If $f,g:\mathbb{R} \rightarrow \mathbb{R}$ Lebesgue measurable functions, $φ:\mathbb{R} \times\mathbb{R}\rightarrow \mathbb{R}$ continuous function, prove that $G:\mathbb{R} \rightarrow \mathbb{R}$, $G(x)=φ(f(x),g(x))$ is Lebesgue measurable.

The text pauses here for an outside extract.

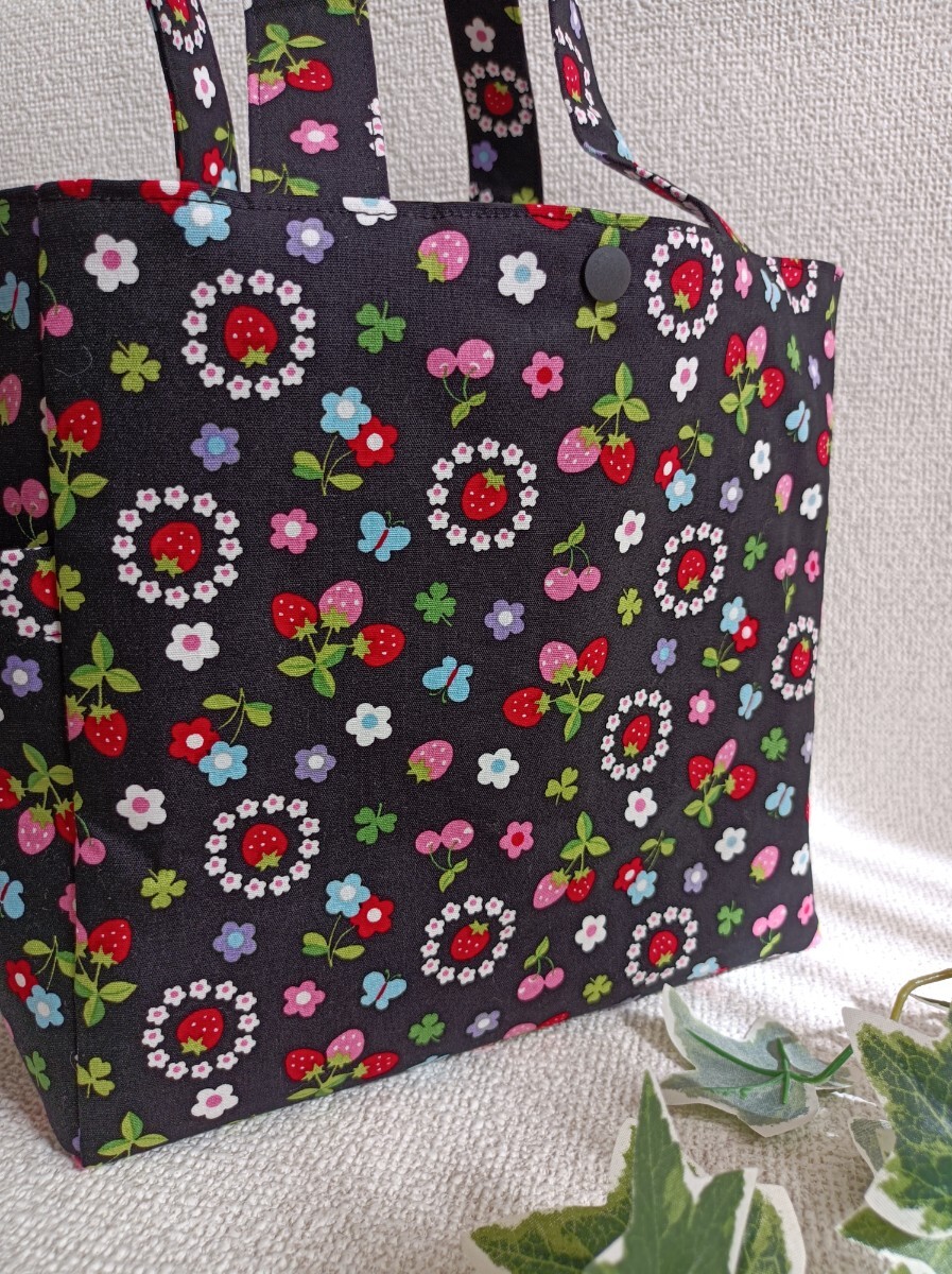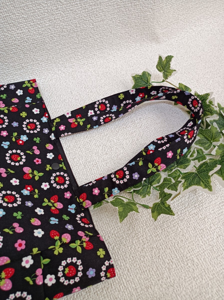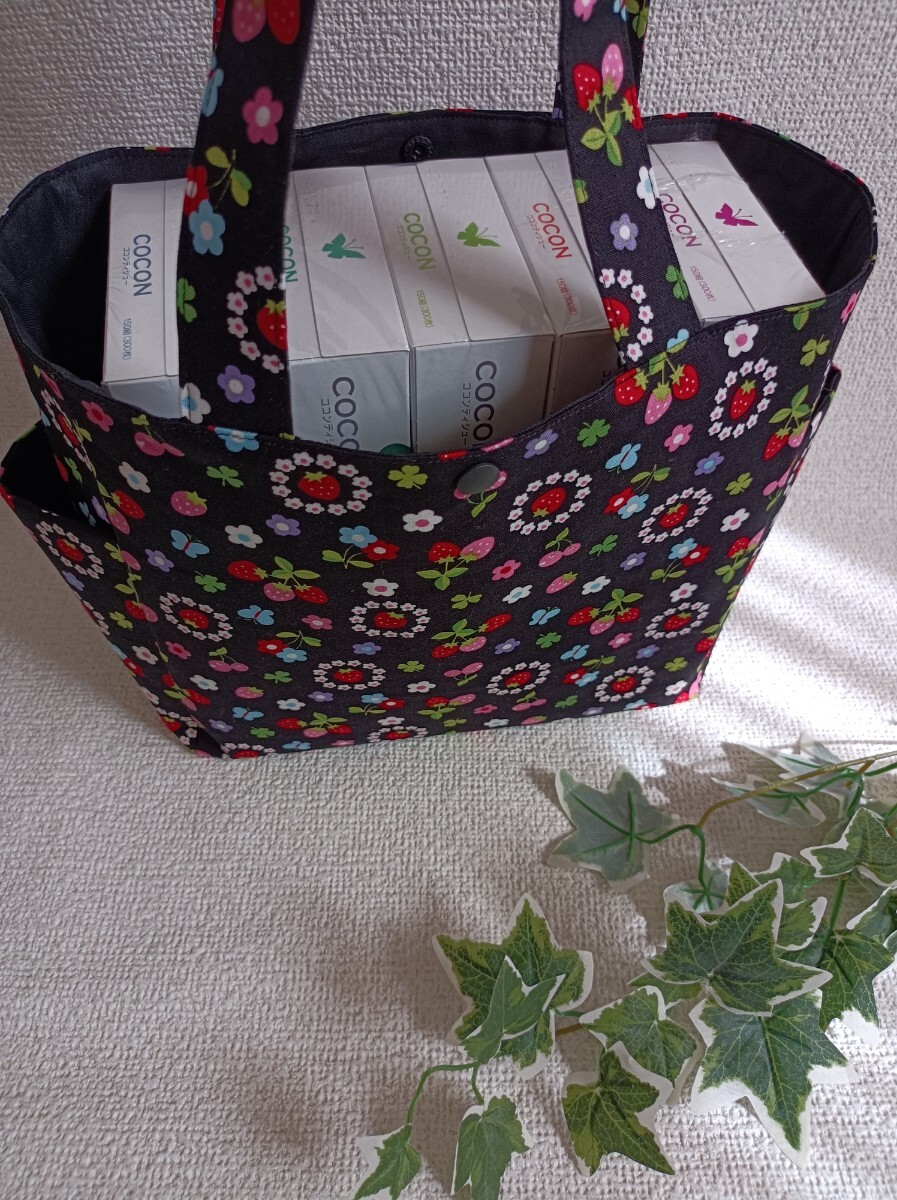 | たくさんの中からご覧頂きありがとうございます。 こちらはサイドポケット付きトートバッグです。 表地は黒地に苺と花柄 裏地は黒色 サイズ…約 縦24cm×横37.5cmマチ12cm持ち手の長さ54cm 内ポケット1つ縦17cm×横20cm 綿生地です どのお洋服にも合うお色です。 プラボタン留め 接着芯を貼ってあるので多少張りがあります。 生地に織傷やネップがある場合があります。 箱ティッシュ5箱分くらいが入る大きさです。 500mlのペットボトルも並べて写真に撮っています。 参考になさってください 折りたたんでの発送になります。 丁寧な作業を心掛けていますが至らない箇所も御座います。 神経質な方や完璧な物をお求めの方はご入札をご遠慮下さい。 他にもたくさん出品しております。合わせてご覧くださいませ♪ | ||

For $b\in \mathbb{R}$ $φ^{-1}((-\infty,b])\in \mathcal{B}(\mathbb{R^2}) \subseteq \mathcal{M}_{{λ_2}^{*}}$, because $φ$ is continuous so $A=φ^{-1}((-\infty,b])$ is closed set, but what can I say about $(f,g)^{-1}(A) $ ? I can't use any theorem for measurable functions that take values in sets different from $\mathbb{R}$.

Answer 1

Pick $U$ open set in $\mathbb{R}$, then as $\phi$ is continuous $\phi^{-1}(U)$ is open in $\mathbb{R}^2$ and as such can be written as a countable union of closed rectangles. It suffices to write down now what $G^{-1}(U)$ is and use measurability of $f$ and $g$ on closed intervals.

Answer 2

The result follows from theorems that hold generally and are elementary to prove:

Let $L$ denote the Lebesgue sigma-algebra on $\mathbb{R}$, and for topological space $X$, let $B_X$ denote the Borel sigma-algebra on $X$. By assumption, $f$ and $g$ are $(L, B_{\mathbb{R}})$ are measurable. Therefore $(f, g)$ is $(L, B_{\mathbb{R}} \otimes B_{\mathbb{R}})$ measurable since if $E, F \in B_{\mathbb{R}}$, then $(f, g)^{-1}(E \times F) = f^{-1}(E) \cap g^{-1}(F) \in L$. Now we can note that $B_{\mathbb{R}} \otimes B_{\mathbb{R}} = B_{\mathbb{R}^2}$ simply because $\mathbb{R}^2$ is second countable (if $X$, $Y$ are second countable topological spaces, then $B_X \otimes B_Y = B_{X \times Y}$). Thus $(f, g)$ is $(L, B_{\mathbb{R}^2})$ measurable. Since $\phi$ is continuous, $\phi$ is $(B_{\mathbb{R}^2}, B_\mathbb{R})$ measurable. Thus the composition $G = \phi \circ (f, g)$ is $(L, B_{\mathbb{R}})$ measurable.